# Aim of the exercise
Output the data word for word, dropping every image.

# Collected data
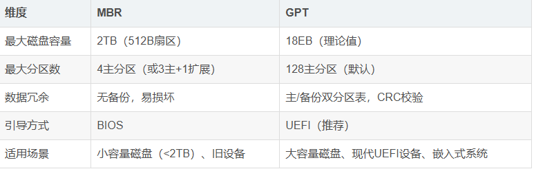 GPT(GUID Partition Table,全局唯一标识分区表)和 MBR(Master Boot Record,主引导记录)是两种主流的磁盘分区方案。
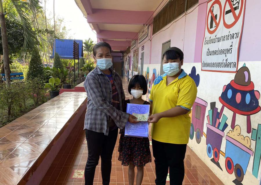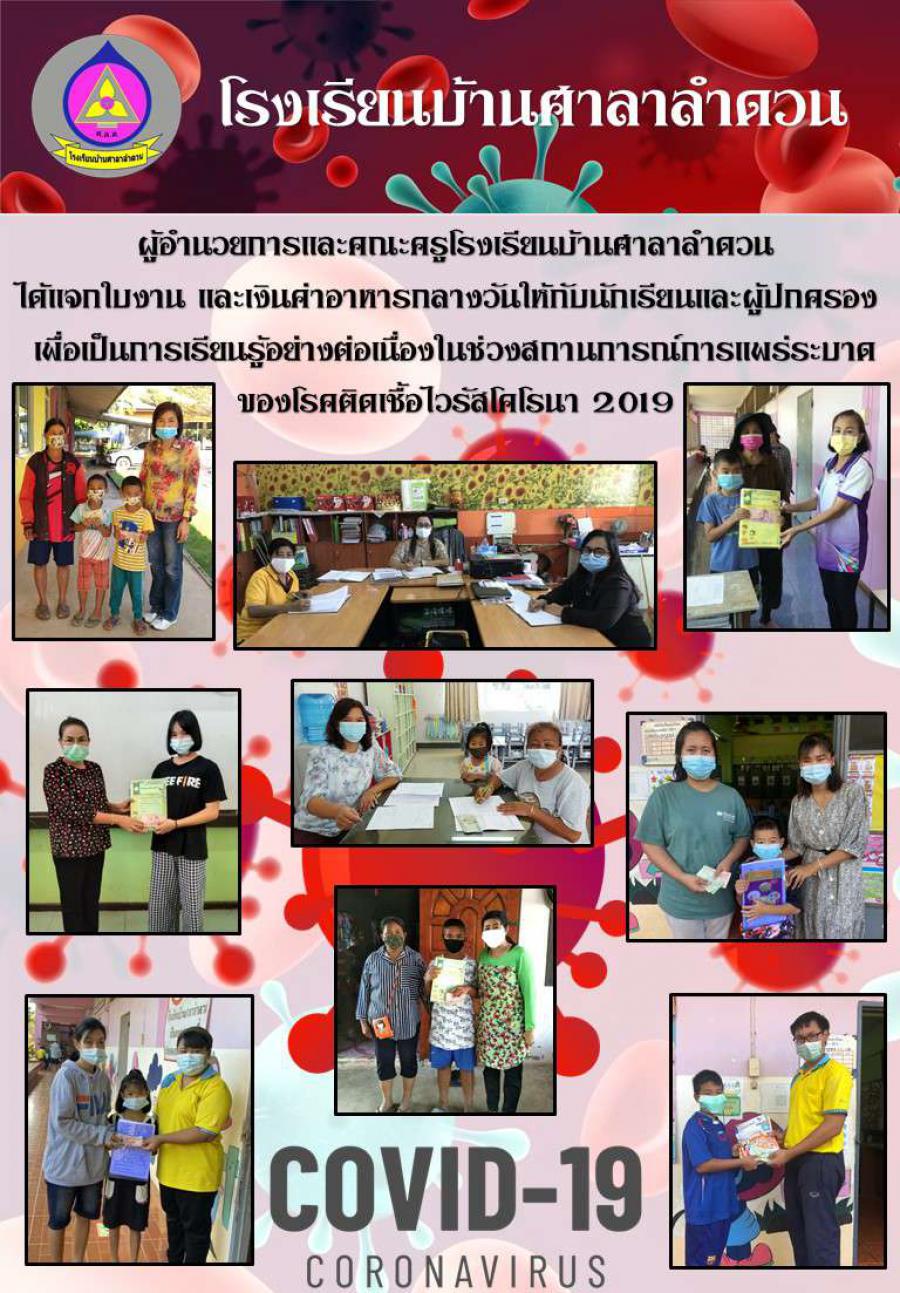 ผู้อำนวยการและคณะครูโรงเรียนบ้านศาลาลำดวน แจกใบงานและเงินค่าอาหารกลางวันให้กับนักเรียนและผู้ปกครองเพื่อเป็นการเรียนอรู้อย่างต่อเนื่องในช่วงสถานการณ์ดารแพร่ระบาดของโรคติดเชื้อไวรัสโคโรนา 2019 S:0
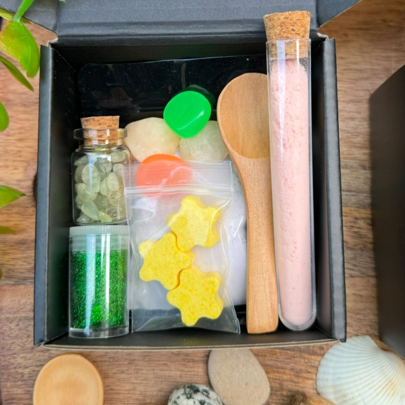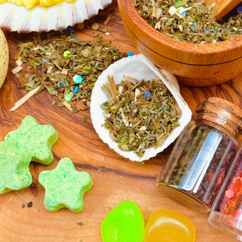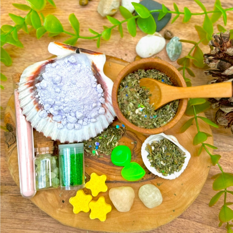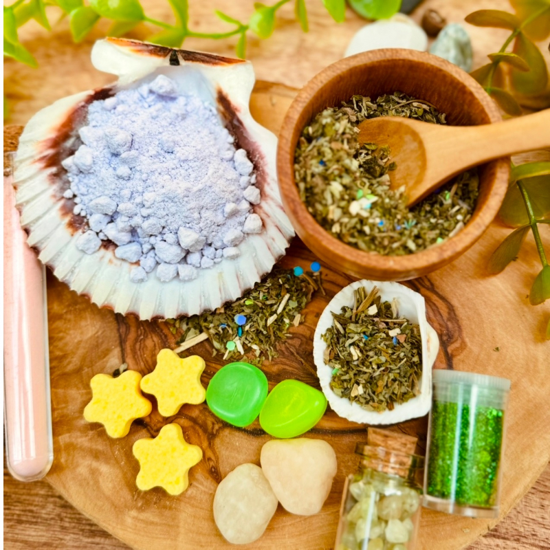 Secret Garden Potion Kit mini for kids opens the doors to imaginative play. Curious little hands will love opening a magical box and mixing herbs and flowers with glitter and fizz. This is a mini kit, perfect for goodie bags for a special magical birthday party or as activity for a backayard or park birthday party. Just add water to make magic.

# Response to this exercise
 GPT(GUID Partition Table,全局唯一标识分区表)和 MBR(Master Boot Record,主引导记录)是两种主流的磁盘分区方案。
 ผู้อำนวยการและคณะครูโรงเรียนบ้านศาลาลำดวน แจกใบงานและเงินค่าอาหารกลางวันให้กับนักเรียนและผู้ปกครองเพื่อเป็นการเรียนอรู้อย่างต่อเนื่องในช่วงสถานการณ์ดารแพร่ระบาดของโรคติดเชื้อไวรัสโคโรนา 2019 S:0
 Secret Garden Potion Kit mini for kids opens the doors to imaginative play. Curious little hands will love opening a magical box and mixing herbs and flowers with glitter and fizz. This is a mini kit, perfect for goodie bags for a special magical birthday party or as activity for a backayard or park birthday party. Just add water to make magic.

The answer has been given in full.